Creatively speaking, the anthology is the true episodic form. It is certainly not the case that anthologies find it easy to acquire a casual audience, and it is even harder for them to retain an audience. The episodic series proper tries to retain an audience by telling its stories with the same cast of characters, relying on the appeal of the actors/characters to retain the audience.

I'm not quite sure why you hold up The Sopranos as an example of successful serialization. That show is notorious for being so schizophrenic even the writers couldn't bring themselves to write an ending. It had critical acclaim, to be sure, and had an unusally large audience for premium cable, but it is doubtful that HBO could make money by syndicating The Sopranos.

As a premium cable service, HBO has only a limited number of casual viewers, but it does still have a number of channels. Yet despite having many hours of HBO Z etc to fill HBO rarely (ever?) fills those hours with paid for serial programming that has already been broadcast. Even in-house, so to speak, HBO can't count on its serialized shows winning viewers. It seems to me that HBO spends a great deal of effort making sure its serials have only a limited availability. I don't think they even offer their back catalog freely on HBO On Demand or HBO GO.
 
but it is doubtful that HBO could make money by syndicating The Sopranos.

HBO has been making money syndicating The Sopranos. Re-edited to soften the language and eliminate nudity and violence (a move that sparked some controversy and criticism), the program was sold to A&E in 2006 at a cost of $2.5 million per episode.

The series completed 86 programs, which would mean HBO netted $215 million from its initial domestic syndication of the program alone (in the future it will be able to syndicate the series in the United States again; this doesn't even take into account international sales, of which I've read the program earned up to $75 million while it was still on the air).
 
Creatively speaking, the anthology is the true episodic form. It is certainly not the case that anthologies find it easy to acquire a casual audience,

Anthologies are pretty much the epitome of this kind of casual viewing, though. You can watch episodes of The Twilight Zone in any order at all, as many or as few watch the last episode first and the first last.

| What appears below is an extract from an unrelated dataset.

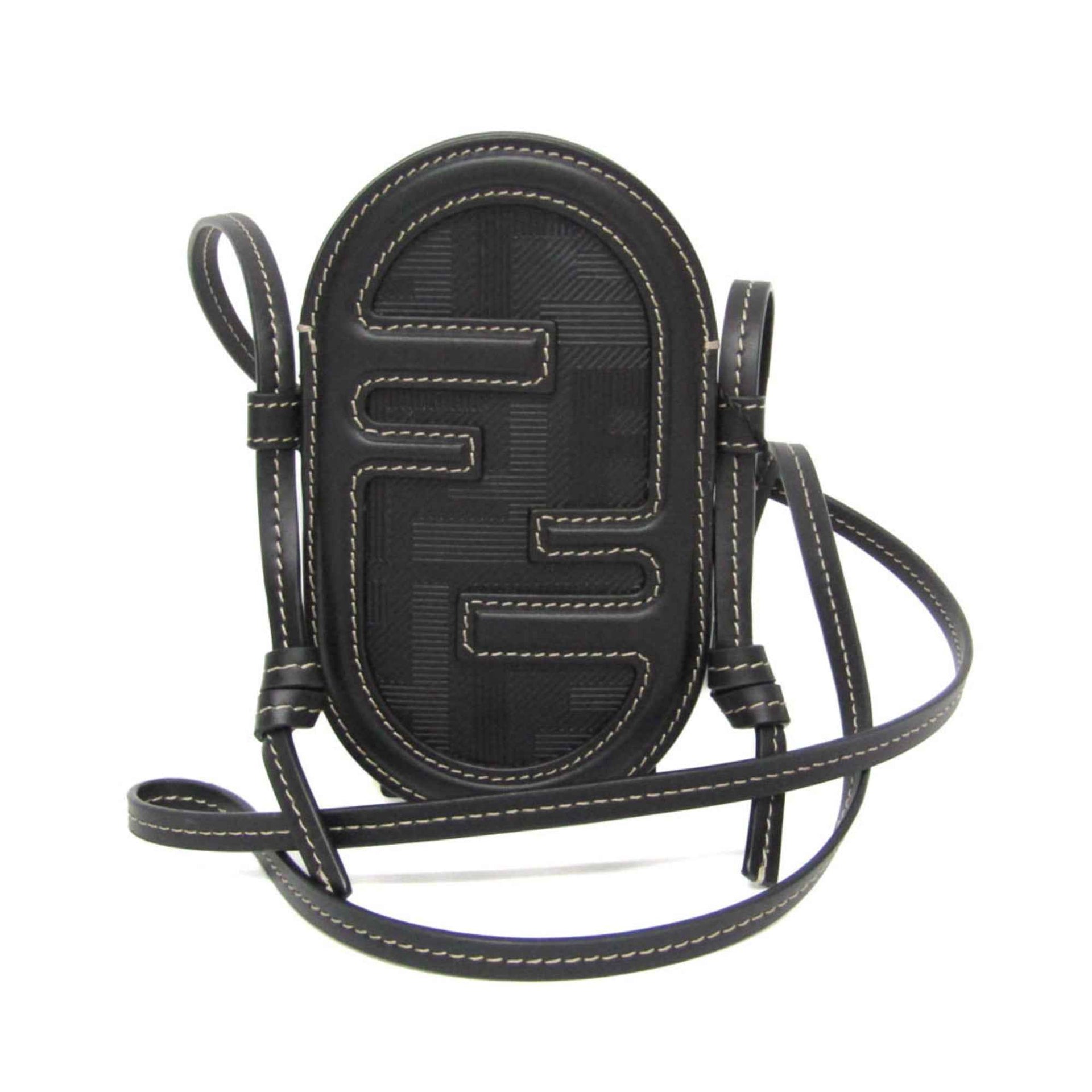 Fendi Olock Mini Shoulder Pouch 7M0345 Women,Men Leather Shoulder Bag Black

It's a TV show ideal to be picked up at random on TV, watch an episode of, and move on.

Audience retention for anthologies may be harder than episodic series that have the same characters, but the same casual TV-viewing based hook is there.

I'm not quite sure why you hold up The Sopranos as an example of successful serialization. That show is notorious for being so schizophrenic even the writers couldn't bring themselves to write an ending.
The really obvious reason: It has a lot of critical acclaim and was successul financially. However exactly someone tries to 'measure' success of a TV show, the Sopranos was a success.

To the rest what Harvey said, with the note that the Sopranos internationally is HBO's second most sold show to other channels (behind Game of Thrones). There was a full from-the-pilot run of the Sopranos on British TV just last year.
 
The fact that I never could find hide nor hair of The Sopranos in syndication misled me into thinking it was pulled as soon as feasible for low ratings. Plainly, HBO has made lots of money from it. And no doubt A&E and the British channel that reran the series also made lots of money from the higher revenues they charged for the larger viewing audience. With figures like that it is hard to understand why HBO doesn't syndicate more. There is the Disney medium where everything gets marketed, then withdrawn temporarily. Also, I was plainly misled by the notion that a series should have an end.